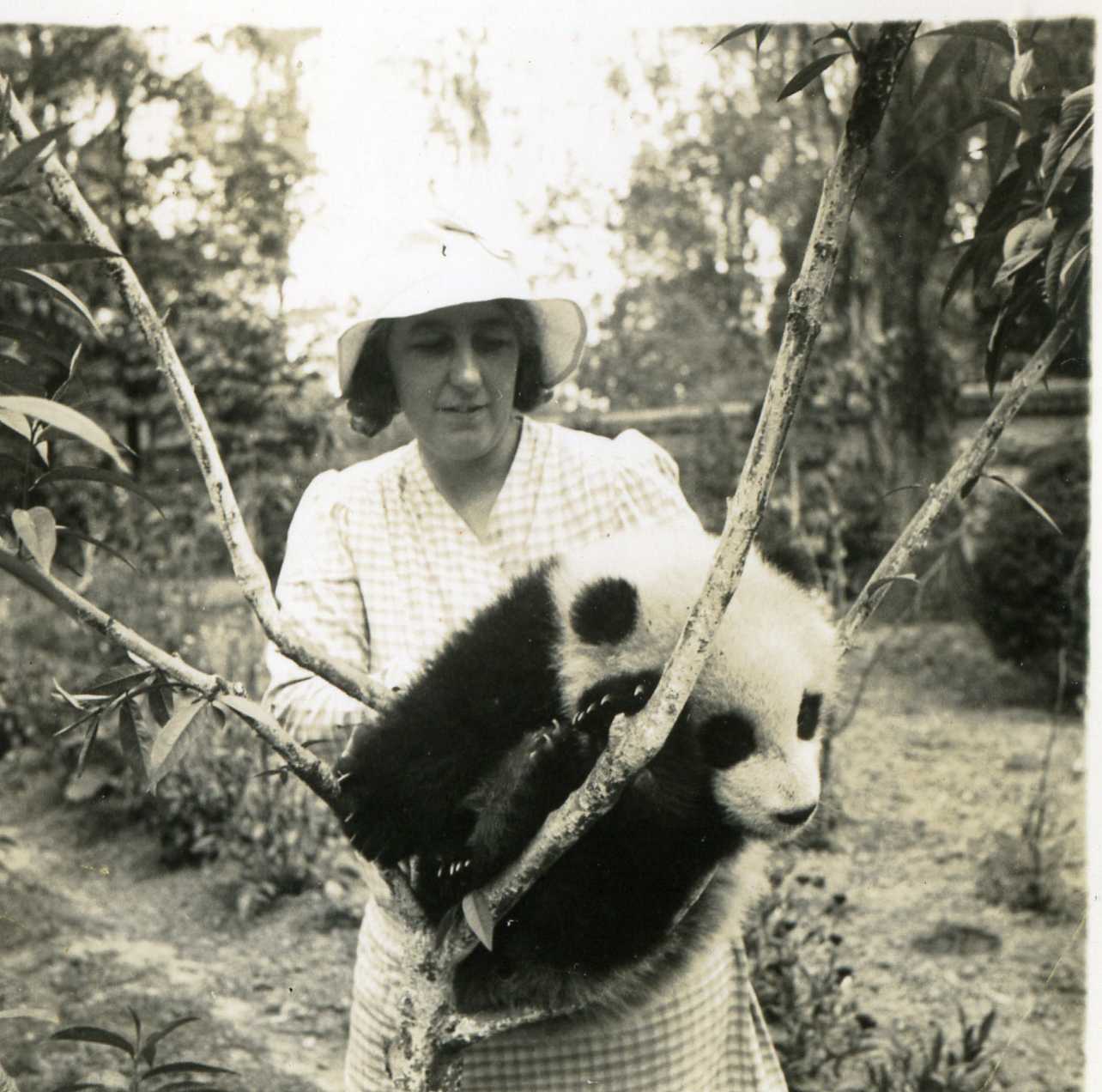 A colorized photograph of Pandora in the same tree from the family archives of Dr. Albert Best is presented in the Vic in China digital exhibit - see references link. This page also includes a photo of two pandas that might depict this same unidentified woman.
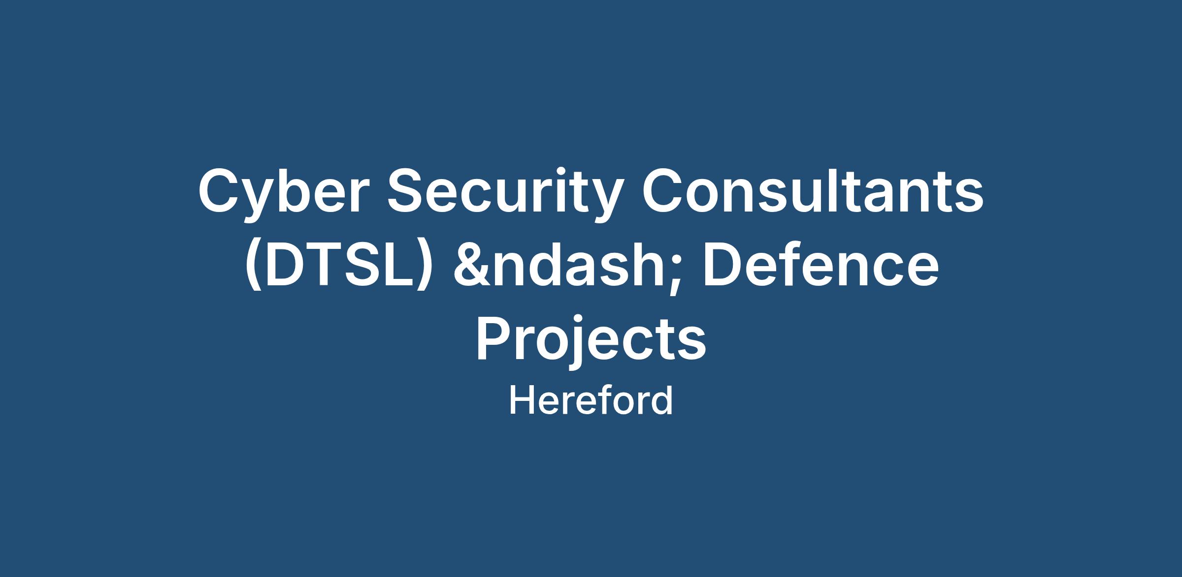 Cyber Security Consultants (DTSL) – Defence Projects
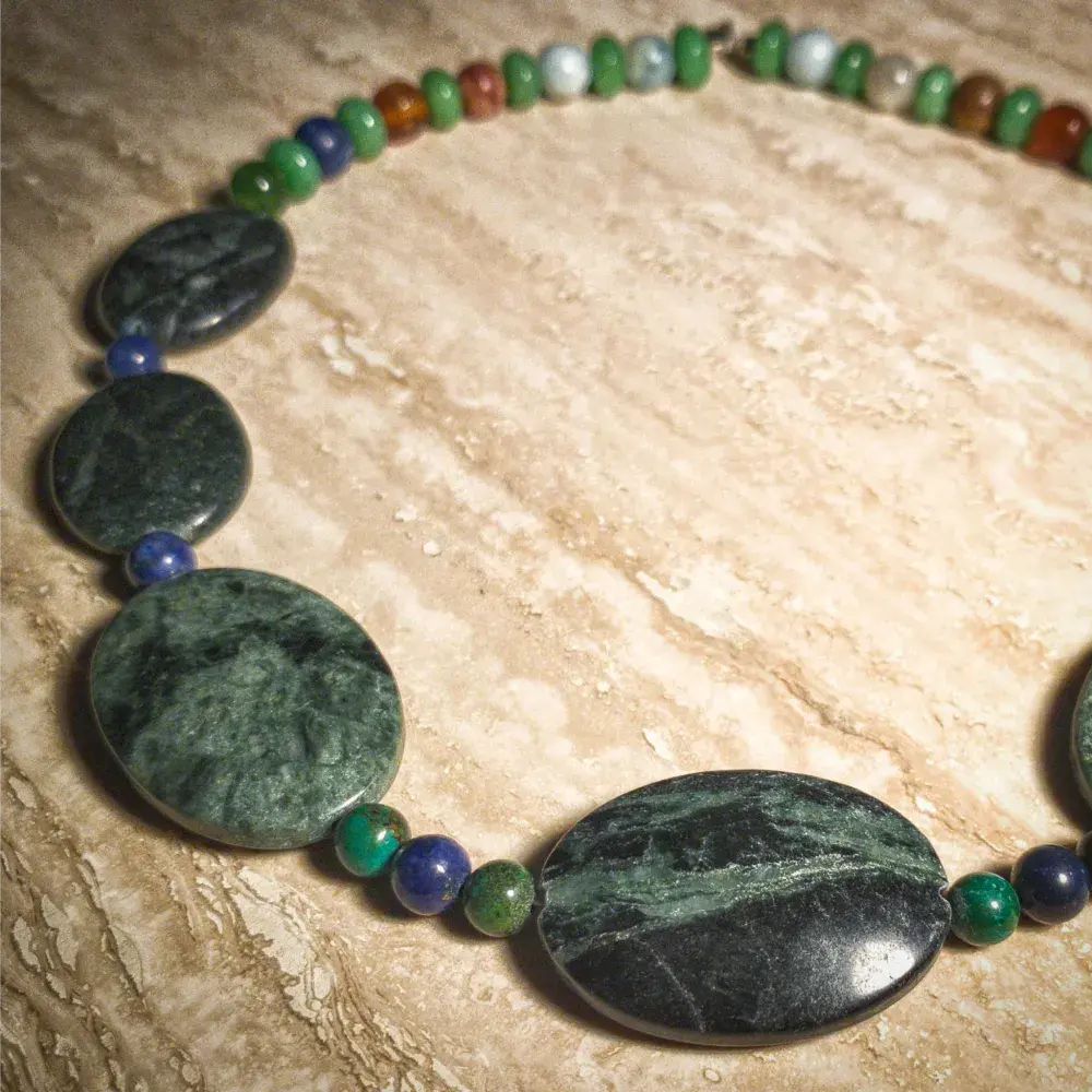 Collar Arcoíris con 7 Jades, elaborado de manera artesanal en nuestro taller. Las piedras naturales se montan con cuidado para que luzcan todo su esplendor.

○ ○ ○ ○

EXERCISE OBJECTIVE —
Once the line containing "Cyber Security Consultants" is found, write it out exactly along with every line after it through the end of the listing, excluding pictures.

SOLUTION BELOW —
 Cyber Security Consultants (DTSL) – Defence Projects
 Collar Arcoíris con 7 Jades, elaborado de manera artesanal en nuestro taller. Las piedras naturales se montan con cuidado para que luzcan todo su esplendor.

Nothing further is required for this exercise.